Studies of Millimeter-Wave Atmospheric Noise Above Mauna Kea

TL;DR

This study measures atmospheric noise above Mauna Kea at millimeter wavelengths, compares it with the South Pole, and develops algorithms to mitigate its effects, highlighting the challenges in reaching photon-background-limited performance.

Contribution

It provides detailed atmospheric noise measurements at Mauna Kea, compares them with South Pole data, and introduces noise removal algorithms for submillimeter observations.

Findings

Atmospheric noise follows a Kolmogorov-Taylor turbulence model.

Noise amplitude is 80 times larger than at the South Pole.

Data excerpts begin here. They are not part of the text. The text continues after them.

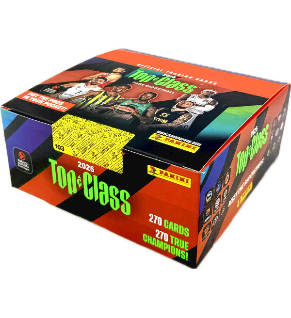 1 Caja (=24 sobres) de la colección "Panini Turkish Airlines EuroLeague Top Class 2025" Trading Cards. Cada sobre contiene 8 cartas.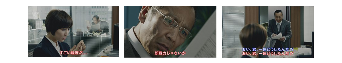 書類に目を通すや否や、社長の目が変わります。「すごい経歴だ…・・・」。そんな社長の心の声を代弁していく女子社員。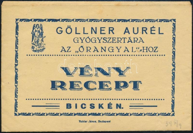 1934 Bicske, Göllner Aurél Gyógyszertára az "Őrangyal"-hoz gyógyszertári recept boríték, benne recepttel (Felcsút, Dr. Csókás István), valamint benne még Coramin prospektussal.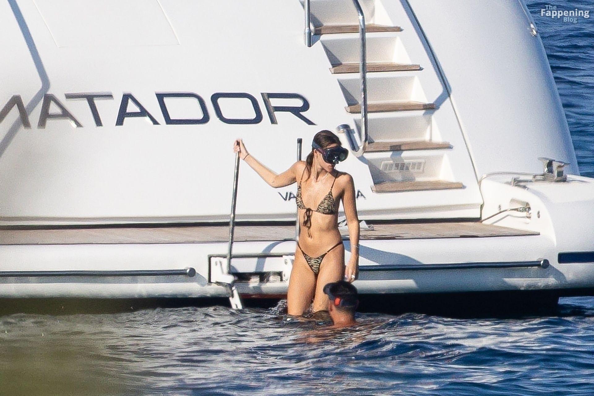 Vittoria indossava un bikini a stampa leopardata, con il top a triangolo e slip a vita bassa che mettevano in mostra la sua figura tonica e le gambe lunghe.

Current algorithms cannot achieve photon-background-limited performance below 0.5 Hz.

Abstract

We report measurements of the fluctuations in atmospheric emission (atmospheric noise) above Mauna Kea recorded with Bolocam at 143 and 268 GHz from the Caltech Submillimeter Observatory (CSO). The 143 GHz data were collected during a 40 night observing run in late 2003, and the 268 GHz observations were made in early 2004 and early 2005 over a total of 60 nights. Below 0.5 Hz, the data time-streams are dominated by atmospheric noise in all observing conditions. The atmospheric noise data are consistent with a Kolmogorov-Taylor (K-T) turbulence model for a thin wind-driven screen, and the median amplitude of the fluctuations is 280 mK^2 rad^(-5/3) at 143 GHz and 4000 mK^2 rad^(-5/3) at 268 GHz. Comparing our results with previous ACBAR data, we find that the normalization of the power spectrum of the atmospheric noise fluctuations is a factor of 80 larger above Mauna Kea than above the South Pole at millimeter wavelengths. Most of this difference is due to the fact that the atmosphere above the South Pole is much drier than the atmosphere above Mauna Kea. However, the atmosphere above the South Pole is slightly more stable as well: the fractional fluctuations in the column depth of precipitable water vapor are a factor of sqrt(2) smaller at the South Pole compared to Mauna Kea. Based on our atmospheric modeling, we developed several algorithms to remove the atmospheric noise, and the best results were achieved when we described the fluctuations using a low-order polynomial in detector position over the 8 arcmin field of view (FOV). However, even with these algorithms, we were not able to reach photon-background-limited instrument photometer (BLIP) performance at frequencies below 0.5 Hz in any observing conditions.